Bunu duymak doğal olarak hoşuma gitti. Güzelleşmek için yatırım yapan bir kadın değilim. Makyaj yapmayı sevmem. Cilt bakımı anlayışım; iyi bir nemlendirici kullanmak.
Senede üç-dört kez kuaföre saç kestirmeye giderim. Hayatını kadın dergilerinin içeriğindeki gibi sağlık, güzellik, spor, diyet, moda üzerine kuran kadınlardan biraz uzağım.
Zaten bunların hepsini aynı anda kucaklayıp taşıyabilen ve de çok mutlu olan bir kadın var mı?
Bununla beraber ben de her kadın gibi güzel olduğumu hissetmek istiyorum.
İçteki özelliklerimle sevilmeyi istiyorum ama kalçama tam oturan mükemmel bir jean'in ve iyi bir saç kesiminin etkisini de biliyorum.
Yine biliyorum ki yüzüm, saçım, vücudum, kısaca nasıl göründüğüm mutluluğumun tek anahtarı ise; beni kendimi sürekli başkaları ile kıyasladığım, endişe dolu ve tatminsiz bir yaşantı bekliyor.
Aslında beğenilmek kadınların doğal ihtiyacı. Ama günümüzde asıl sorun ne biliyor musunuz?
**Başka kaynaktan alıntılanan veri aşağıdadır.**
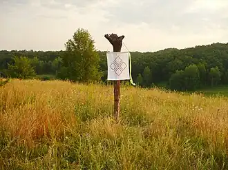 The "love space" mirrors the modality of God's work through nature; God is "dissolved" in nature and each "love space" is a parcel of God.[59] In the kinship homestead, the concretisation of the "love space", a man is capable of building a house with natural materials, growing plants and domesticating animals, creating an ecosystem.[60] As such it is perceived as a holy land, a microcosm reflecting the macrocosm, wherein individuals may "co-create" with kindred people and with God.[61] According to Anastasians' own experiences reported by Julia O. Andreeva and Rasa Pranskevičiūtė, the new social organisation represented by the kinship homesteads helps people to leave the unnatural and decaying urban technocratic system, which they conceive as a close system which smothers human creativity ensnaring it in meaningless behaviours.[62]
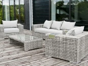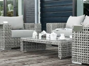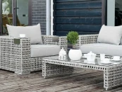 Корпус мебели изготовлен из прочного алюминия и оплетен вручную плоским искусственным ротангом. Цвет серый.Подлокотники плетеного дивана и кресел оснащены алюминиевыми подставками, на которые можно поставить бокал или тарелку.
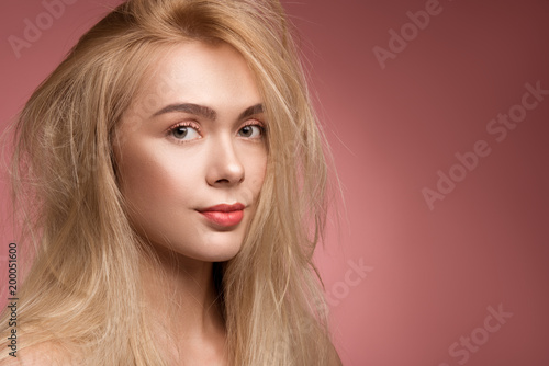 Portrait of sad lady with disheveled hair looking at camera. Copy space in right side. Isolated on rose background
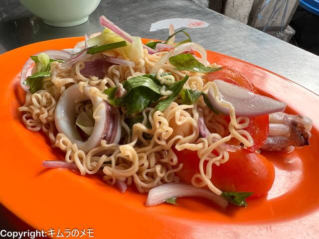 いわゆるインスタントラーメンの麺を使ったようなものではあるが、それなりに海鮮が入っており独特の酸味とレモングラスのような香草感のある、いかにもタイという感じの味わい。
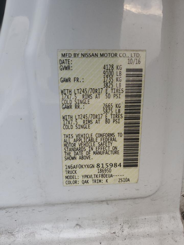 NISSAN NV2500 5.6 2016 р.в., Задній привід (1N6AF0KYXGN815984) з США
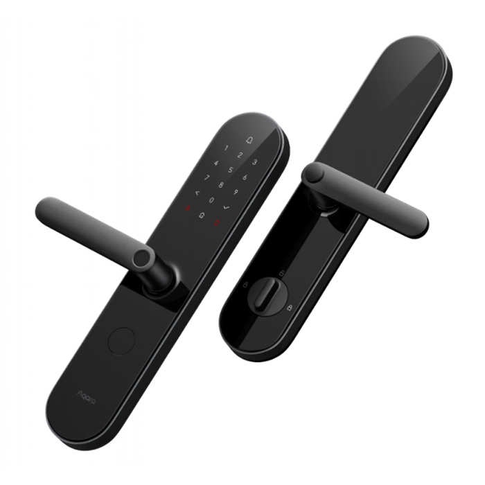 Aqara N100 (Zigbee) — умный замок, поддерживающий отпирание двери при помощи отпечатка пальца, пароля, NFC, аварийного ключа и HomeKit. Считыватель отпечатков пальцев встроен в ручку и реагирует мгновенно.
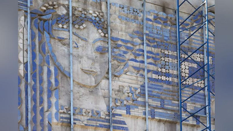 Во время ремонтных работ на поверхности здания было обнаружено старинное панно. После этого Агентство кинематографии пригласило экспертов для изучения находки. Эксперты подтвердили, что панно на самом деле представляет собой мозаику «Девочка с косичками» Альфреда Мазитова. Акмаль Нур, председатель Союза художников, и эксперты сообщили, что панно подлежит восстановлению. Поэтому было решено, что эту фреску целесообразно сохранить и создать новый дизайн здания по мотивам панно «Девочка с косичками».
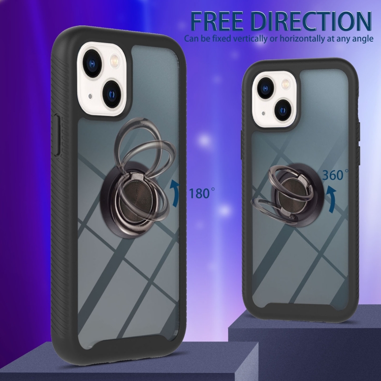 Funda para iPhone 14 Starry Sky Solid Color Series PC con TPU Soporte para Anillo y Función Magnética (Negro)
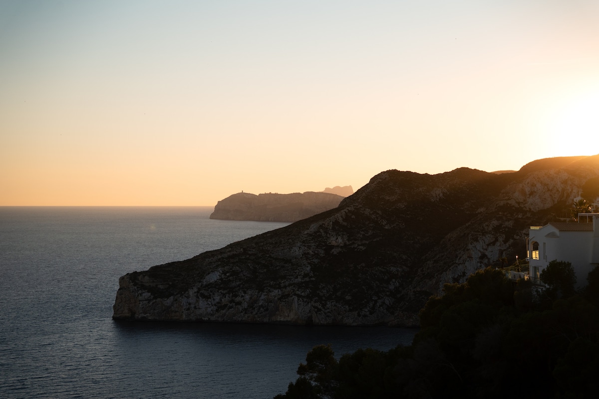 "Villa Sunset Moraira" - Enjoy dreamy days in a modernized Spanish-style villa for up to 8 guests. Highlights: - private pool (with heating) - large outdoor area with south-facing views - Outdoor kitchen with barbecue - air conditioning, fans and heating in all rooms - high-quality furnishings - 3 bedrooms with box-spring beds - 2 modern bathrooms with shower and bathtub - fully equipped kitchen - fast Wi-Fi - Smart TV - quiet location, close to the beach ☆ "Clio's villa is an absolute Jewel!"
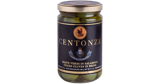 „Centonze“ žaliosios alyvuogės su kauliukais sūryme. Nocellara del Belice žaliosios alyvuogės sūryme pasaulyje žinomos dėl Castelvetrano metodo – jos yra auginamos ir gaminamos išskirtinai Vakarų Sicilijos Belicės slėnyje. Alyvuogės yra saldaus skonio ir traškios tekstūros. Idealus itališkas užkandis ar patiekalas. Be dirbtinių dažiklių. Stikliniame indelyje su metaliniu užsukamu dangteliu. Atidarius laikyti šaldytuve. Grynasis svoris 180 g. Italijoje (Sicilija) pagamintas produktas. Sudedamosios dalys: Nocellara alyvuogės, vanduo, druska, rūgštingumą reguliuojančios medžiagos: pieno rūgštis (E270), askorbo rūgštis (E300).
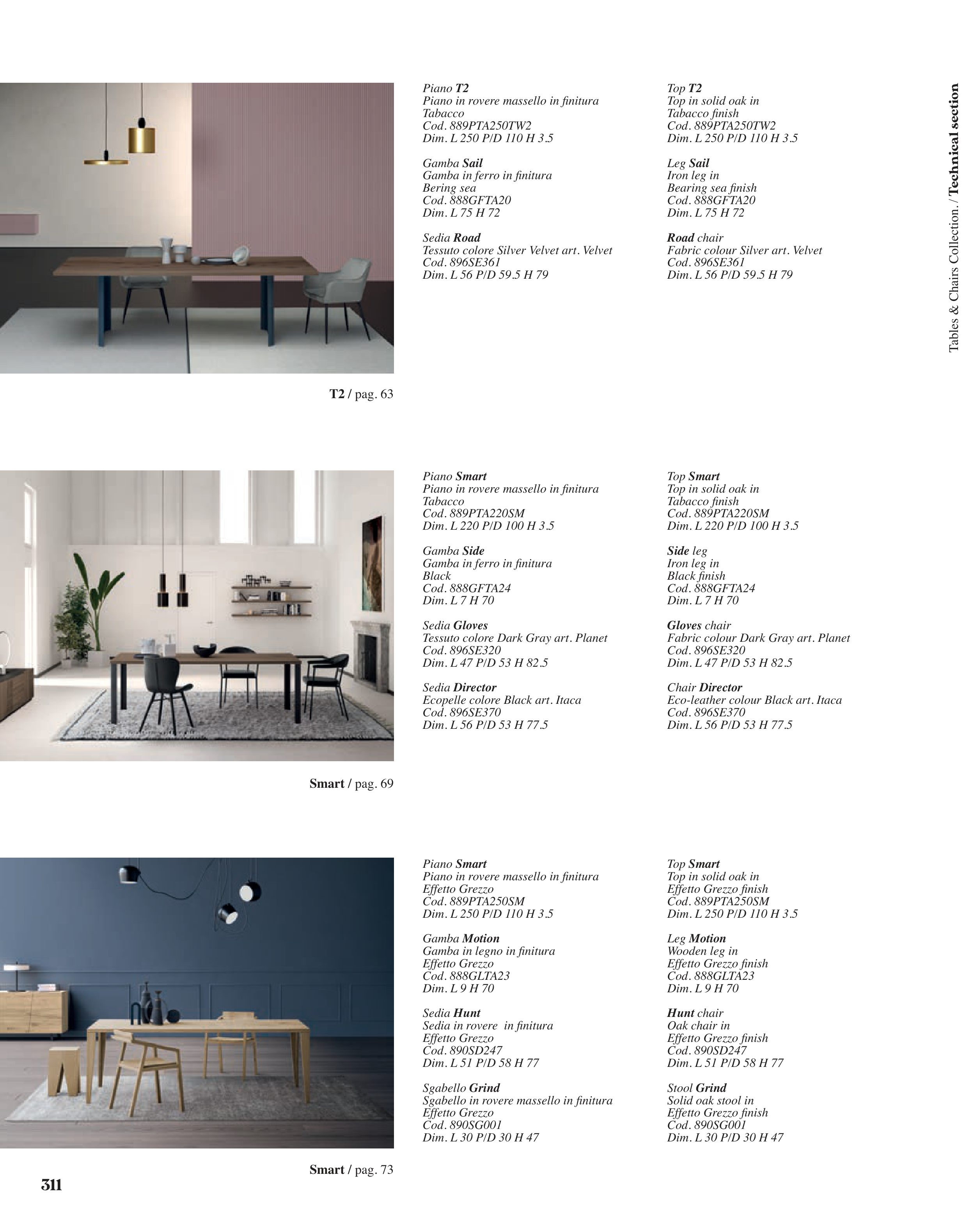 Tables & Chairs Collection. / Technical section

Güzellik anlayışımızı; dev endüstrilerin, medyanın, moda editörlerinin ve fotoşopcuların yönlendirmesine sıkıştırdık. Güzelliği; çirkinleştirdik, yüzeyselleştirdik, sahteleştirdik, anlamsızlaştırdık. Hissedemez olduk artık güzelliği.
Gün boyunca karşılaştığınız kadınların yüzde 99'unun kendini güzel bulmadığına inanmak mümkün mü?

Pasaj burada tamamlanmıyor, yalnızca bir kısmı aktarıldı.